You can either pass the data to this method in a DataFrame, or you can pass the data in an RDD, and pass in a structure that specifies the organization of the data.

delete( dataFrame: DataFrame,
        schemaTableName: String ): Unit

delete( rdd: JavaRDD[Row],
        schema: StructType,
        schemaTableName: String ): Unit

dataFrame

The DataFrame containing the rows that you want deleted from your database table.

schemaTableName

The combined schema and table names, in the form: mySchema.myTable.

rdd

The RDD containing the data the you want deleted from your database table.

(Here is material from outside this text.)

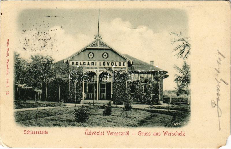 1899 (Vorläufer) Versec, Werschetz, Vrsac; Polgári lövölde. Wilh. Wett... https://www.darabanth.com/hu/460-Gyorsarveres/460.0/Kepeslapok/Vajdasag~1500010/1899-Vorlaufer-Versec-Werschetz-Vrsac-Polgari-lovolde-Wilh-Wettl-kiadasa-Schiesstatte-~II3084447
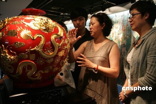6月23日,北京漆宝斋锦丽漆艺中心在奥体中心建成并开展,许多国宝级漆艺首次与观众见面。图为中心主创人沈锦丽女士给观众介绍中国红漆线雕“九龙呈祥”,据介绍,当年中国篮协送给姚明的神秘婚庆礼品正是这款“九龙呈祥”。中新社发 赵隽 摄

The Catalyst schema of the master table.

A structure that specifies the layout of the data in the RDD.

df and internalDf

These methods executes an SQL string within Splice Machine and returns the results in a Spark DataFrame.

The only difference between df and internalDf methods is that the internalDf method runs internally and temporarily persists data on HDFS; this has a slight performance impact, but allows for checking permissions on Views. For more information, please see the Accessing Database Objects section in our Using the Native Spark DataSource topic.

df( sql: String ): Dataset[Row]

internalDf( sql: String ): Dataset[Row]

sql

The SQL string.

dropTable

This method removes the specified table; it is the same as using the Splice Machine DROP TABLE SQL statement.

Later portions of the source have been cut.